**Assignment**:
Beginning with the line that holds "3. Оборудование и капитальные затраты" and finishing with the line that holds "ГОТОВИМСЯ К КОНТРОЛЬНОЙ", repeat the listing exactly, leaving every picture out.

**Source material**:
%%

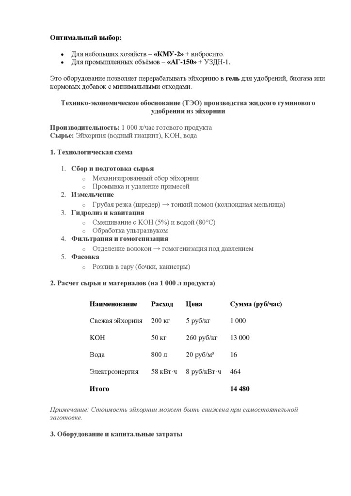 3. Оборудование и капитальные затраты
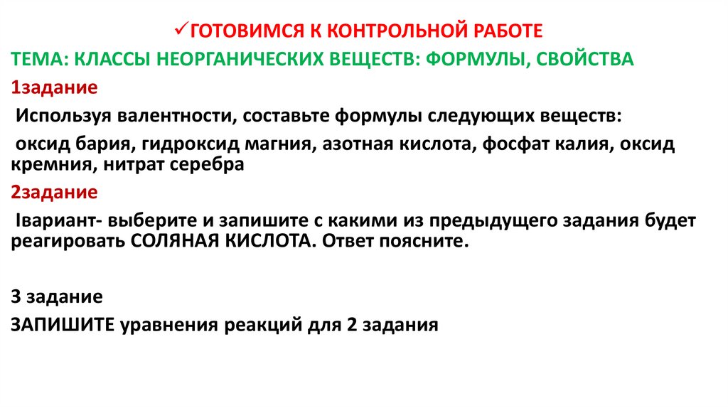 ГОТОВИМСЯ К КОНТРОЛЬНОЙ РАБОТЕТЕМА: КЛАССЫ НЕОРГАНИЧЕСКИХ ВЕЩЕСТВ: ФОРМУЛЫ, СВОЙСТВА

%%
%%

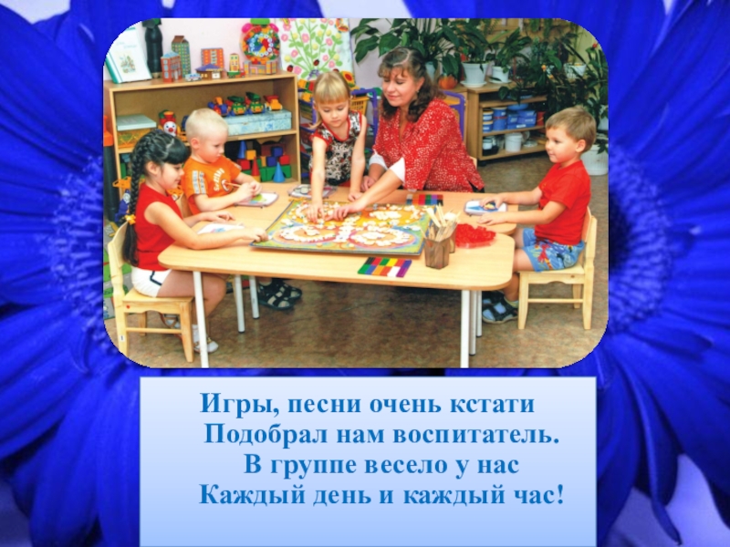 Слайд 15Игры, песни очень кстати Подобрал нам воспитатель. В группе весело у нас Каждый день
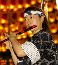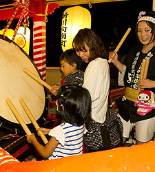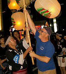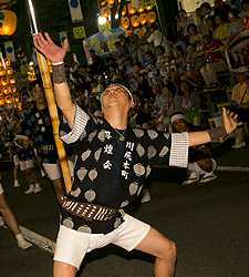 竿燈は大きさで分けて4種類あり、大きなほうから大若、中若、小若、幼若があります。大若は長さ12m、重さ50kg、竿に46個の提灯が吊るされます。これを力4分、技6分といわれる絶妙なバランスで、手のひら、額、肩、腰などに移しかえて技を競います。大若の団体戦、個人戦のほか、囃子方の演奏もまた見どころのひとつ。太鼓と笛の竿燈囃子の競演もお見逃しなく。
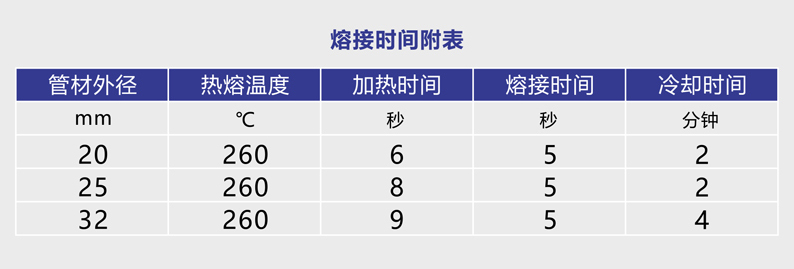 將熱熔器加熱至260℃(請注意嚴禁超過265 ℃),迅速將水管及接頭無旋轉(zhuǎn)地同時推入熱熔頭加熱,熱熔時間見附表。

%%
%%

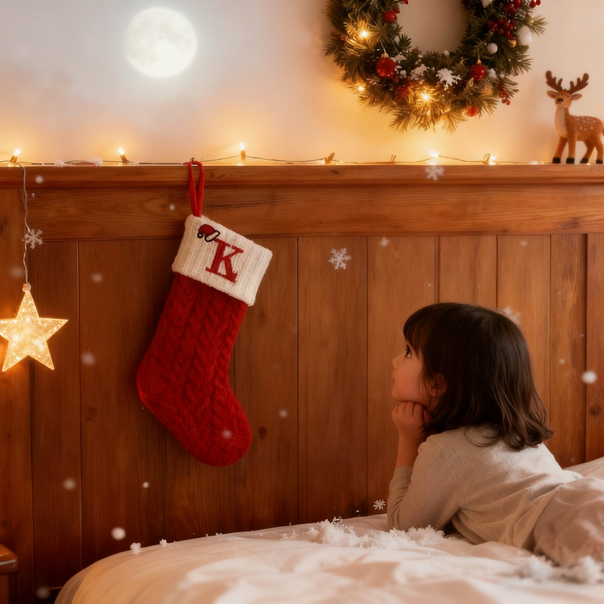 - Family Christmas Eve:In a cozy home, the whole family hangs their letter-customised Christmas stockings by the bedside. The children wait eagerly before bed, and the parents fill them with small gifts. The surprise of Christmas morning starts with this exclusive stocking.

%%

**Exercise result**:
 3. Оборудование и капитальные затраты
 ГОТОВИМСЯ К КОНТРОЛЬНОЙ РАБОТЕТЕМА: КЛАССЫ НЕОРГАНИЧЕСКИХ ВЕЩЕСТВ: ФОРМУЛЫ, СВОЙСТВА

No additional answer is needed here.